La verdad es que esta prestigiosa comisión lexicográfica ya había trabajo la letra c, donde constaban varios ecuatorianismos como cucho, caretabla, cojudo o curuchupa, pero como dicho diccionario estaba lejos de publicarse, bien podían darse el lujo de regresar un poco. Se reunieron, entonces, un día jueves de nuestros días, allá por los dos mil y veintitantos, y asistieron cuatro miembros: un lingüista, un poeta, un narrador y un expresidente, todos de número, como corresponde. Se le dio el honor de presidir esta sesión al recientemente nombrado miembro, o sea, al lingüista, para ver si podía zanjar esta cuestión de una sola vez e irse todos a tomar un café. La secretaria hizo los protocolos de rigor y se sumergieron directamente en el asunto que, por otro lado, tanto trabajo había dado a investigadores, médicos y enfermeras: el coronavirus. Intervino pues el lingüista, quien inició con esta frase: “Hay factores extralingüísticos que determinan el uso del lenguaje”. El resto se miró las caras. Era bien sabido que dicho lingüista ya había trabajado y publicado un diccionario de ecuatorianismos, y que, por ello, quizá debía tener un mejor criterio en cuanto al tema. No obstante, parece que nuestro lingüista, de barbas largas y cenizas, de mirada afable y siempre sonriente, quería ponerse demasiado teórico y dijo: “Al revelar la relación entre el lenguaje y la vida humana en general, la lingüística pragmática como perspectiva de estudio del lenguaje se convierte en punto de convergencia entre la lingüística tradicional y los proyectos interdisciplinarios de las humanidades y las ciencias sociales, es decir, revela la relación entre el lenguaje y la vida cotidiana”. El poeta miró al narrador, se encogió de hombros.
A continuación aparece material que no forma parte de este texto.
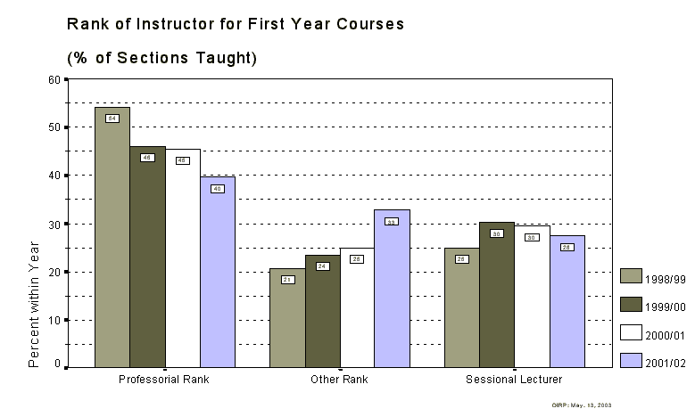 Rank of Instructor for First Year Courses - (% of Enrolment Taught)

En su rostro se podía interpretar: qué carajos dice. “Lo que quiere decir que, prosiguió el eminente lingüista, si estudiamos bien el fenómeno de la palabra coronavirus, entenderemos que es un hecho lingüístico más que un simple término. Por ello, no seremos nosotros quienes decidiremos si este neologismo con que vulgarmente se ha designado a tamaña peste, deba ingresar o no en el vademécum de la lengua española, o sea, en su diccionario, sino que ya han sido los hablantes quienes se han manifestado. Aun cuando lo registremos como ecuatorianismo, es ya una palabra de uso extendido y, por lo tanto, esta reunión no tiene ningún sentido”.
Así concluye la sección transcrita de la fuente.